**WORK REQUIRED**. In your copy, leave out the pictures and output only the lines from the one holding "天板の杢目が鳥眼杢(バーズアイ)になっている、美しい丸テーブルです。" through the end of the data below, exactly.

Saved data entries
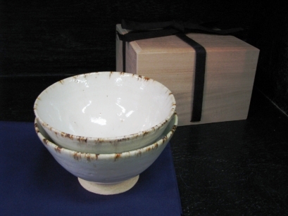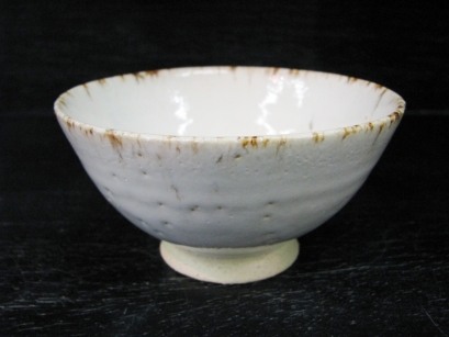 大地に降り積もった白雪を思い起こさせる飯椀です。口縁にみえる生地土と釉薬の白さの対比が格の高さ緊張感を伝えてきます。シンプルな美しさの際立つ飯椀です。是非工房で現物の美しさを手にとってみて下さい。
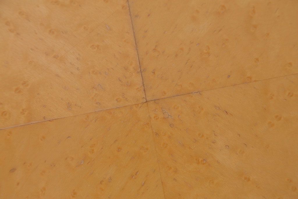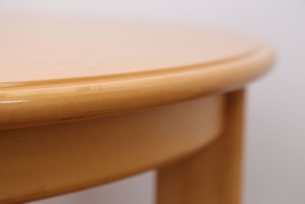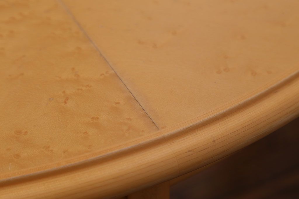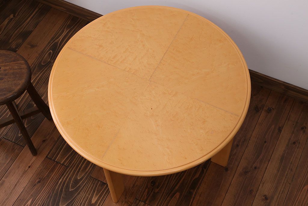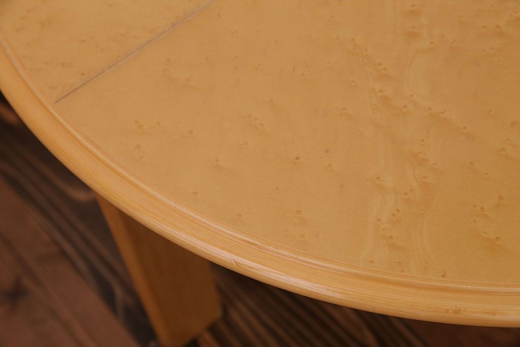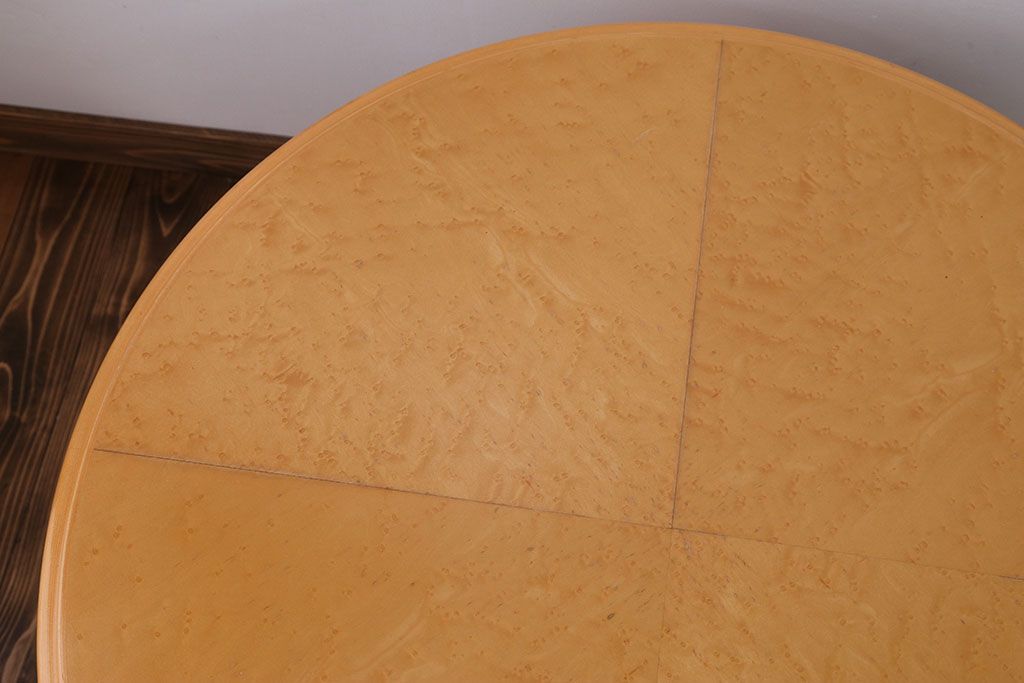 天板の杢目が鳥眼杢(バーズアイ)になっている、美しい丸テーブルです。
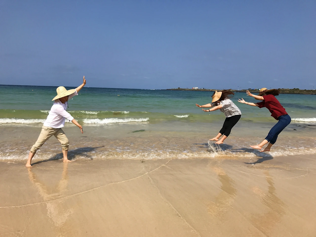 식사 후 서빈백사를 산책했다. 작은 해변에서 반짝이는 모래가 눈부시게 한다. 알고 보니 모래가 아니고 산호가 부서져 흰모래처럼 보였던 것. 예쁜 조개와 산호 조각이 굴러다니는 해변에 초록바다까지 일렁이니 발바닥을 찔리지 않도록 조심해야 한다. 아 발꼬락이 까슬까슬하다.
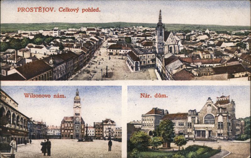 Prostějov: Celkový pohled, Wilsonovo nám., Nár. dům.
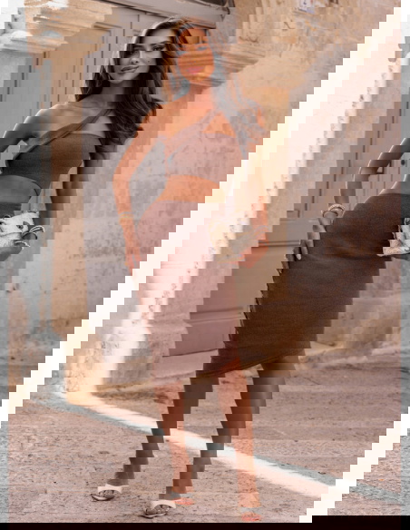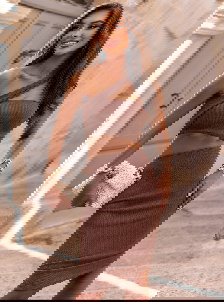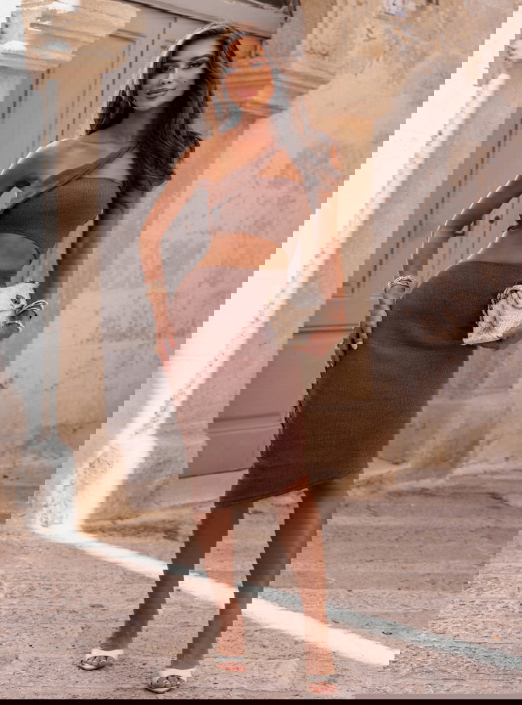 Sukienka prążkowana z wycięciem Valchiria - mocha mousse to synonim komfortu i stylu w jednym. Jej prosty, ale przemyślany krój sprawia, że staje się ponadczasowym elementem wakacyjnej garderoby. Może być bazą do wielu stylizacji – od bardzo casualowych po bardziej wieczorowe. Odcień mocha podkreśla opaleniznę i wpisuje się w modne, naturalne tony. To świetna opcja na lato, jeśli szukasz czegoś subtelnego, ale z efektem „wow”. Sukienka z kolekcji Dolce Vita idealnie oddaje klimat lekkości, kobiecości i stylowego luzu. Wybierz ją, jeśli chcesz czuć się swobodnie, a jednocześnie wyglądać wyjątkowo.

**WRITTEN RESPONSE**.
 天板の杢目が鳥眼杢(バーズアイ)になっている、美しい丸テーブルです。
 식사 후 서빈백사를 산책했다. 작은 해변에서 반짝이는 모래가 눈부시게 한다. 알고 보니 모래가 아니고 산호가 부서져 흰모래처럼 보였던 것. 예쁜 조개와 산호 조각이 굴러다니는 해변에 초록바다까지 일렁이니 발바닥을 찔리지 않도록 조심해야 한다. 아 발꼬락이 까슬까슬하다.
 Prostějov: Celkový pohled, Wilsonovo nám., Nár. dům.
 Sukienka prążkowana z wycięciem Valchiria - mocha mousse to synonim komfortu i stylu w jednym. Jej prosty, ale przemyślany krój sprawia, że staje się ponadczasowym elementem wakacyjnej garderoby. Może być bazą do wielu stylizacji – od bardzo casualowych po bardziej wieczorowe. Odcień mocha podkreśla opaleniznę i wpisuje się w modne, naturalne tony. To świetna opcja na lato, jeśli szukasz czegoś subtelnego, ale z efektem „wow”. Sukienka z kolekcji Dolce Vita idealnie oddaje klimat lekkości, kobiecości i stylowego luzu. Wybierz ją, jeśli chcesz czuć się swobodnie, a jednocześnie wyglądać wyjątkowo.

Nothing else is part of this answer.